Neuronale Korrelate der Verarbeitung grammatischer Variation

Mittwoch, 9. März 2016, 11.30 Uhr
Psycho-/Neurolinguistik: Neuronale Korrelate der Verarbeitung grammatischer Variation
Dietmar Roehm (Salzburg)
Interindividuelle Unterschiede beim Verstehen bzw. bei der Verarbeitung sprachlicher Strukturen haben bei experimentellen Untersuchungen zur Sprachverarbeitung mittels neurobasierter
Verfahren lange Zeit keine oder bestenfalls eine untergeordnete Rolle gespielt (vgl. die Diskussionen im Zusammenhang mit gradienten Phänomenen: Ist Gradienz eine Eigenschaft der mentalen Grammatik oder das Produkt der Variation zwischen Sprechern?

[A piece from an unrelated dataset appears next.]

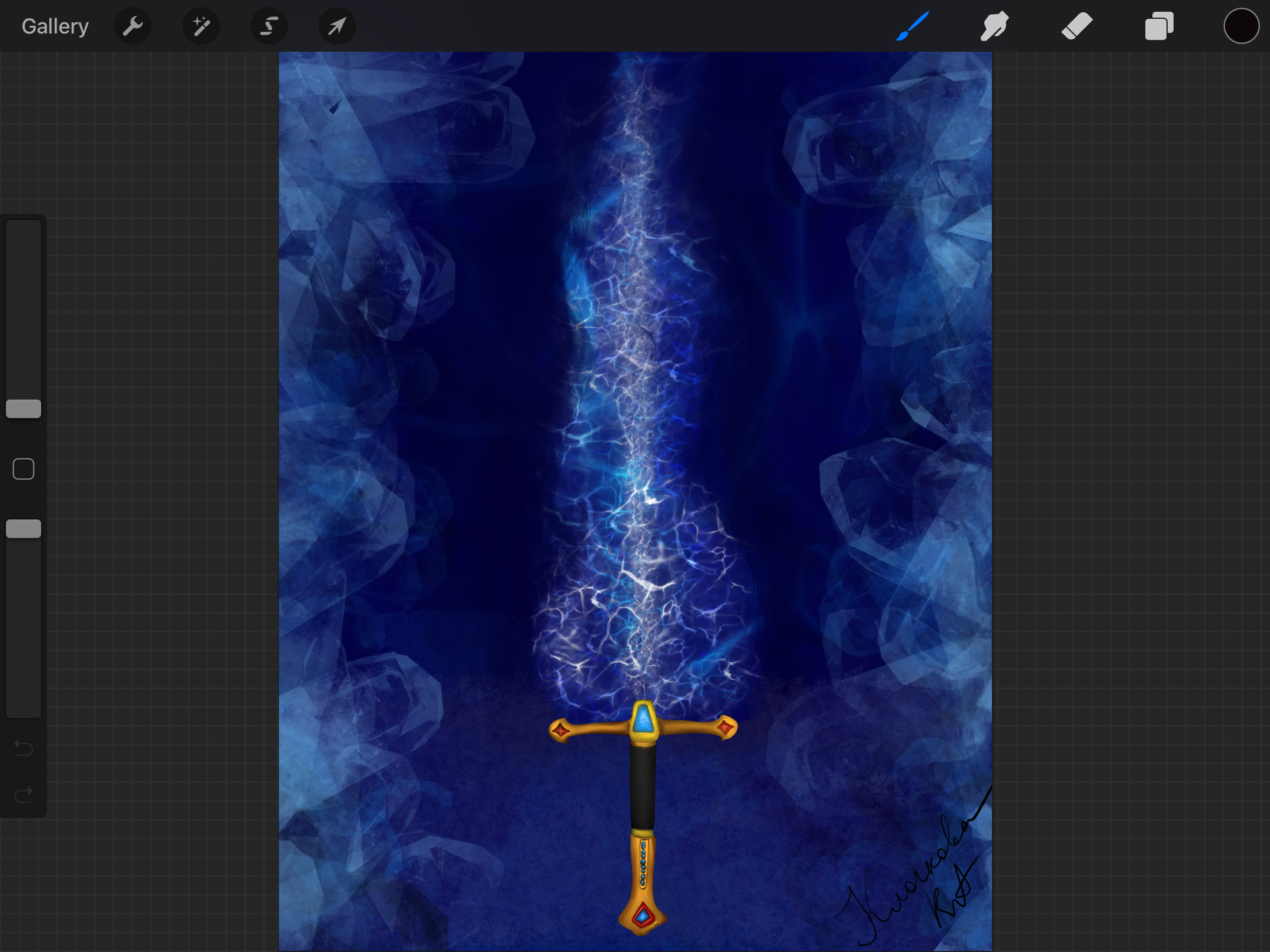 Иллюстрация водяного меча судьбы к трилогии Сергея Саидова «Рыцарь Ордена». Одна из первых работ в Procreate. Меч имитирует шеркон - меч главного героя.

Fanselow et al., 2006).
Während individuelle Verarbeitungsstrategien in Abhängigkeit von experimentellen Faktoren
(z.B. Aufgabenstellung, Bedingungen) relativ gut belegt sind (z.B. probanden-spezifisches strategisches Verhalten bei der Verarbeitung von semantischen Relationen; Roehm et al., 2007), wurde der Einfluss von Variation in der Grammatik des Standarddeutschen in Korrelation zu Hirnprozessen bisher kaum berücksichtigt.
In meinem Vortrag werde ich u.a. auf der Basis zweier EEG-Experimente zu unterschiedlichen
syntaktischen Bereichen Beispiele für Verarbeitungskorrelate interindividueller Variation besprechen:
1) Variation im Bereich der Auxiliarselektion bei intransitiven Verben im Deutschen.
2) Variation bei der Verarbeitung von Partikelverben in der linken Peripherie im Deutschen
(Verben, die ambig zwischen einer finiten V2-Lesart und einer infiniten Lesart als Teil einer
bewegten Verbphrase im Vorfeld sind).
Literatur
Fanselow, Gisbert/Féry, Caroline/Vogel, Ralf/Schlesewsky, Matthias (Eds.) (2006): Gradience in
grammar: Generative perspectives. New York: Oxford University Press.
Roehm, Dietmar/Bornkessel-Schlesewsky, Ina/Rösler, Frank/Schlesewsky, Matthias (2007): To
predict or not to predict: Influences of task and strategy on the processing of semantic relations. In: Journal of Cognitive Neuroscience, 19:8, S. 1259-1274.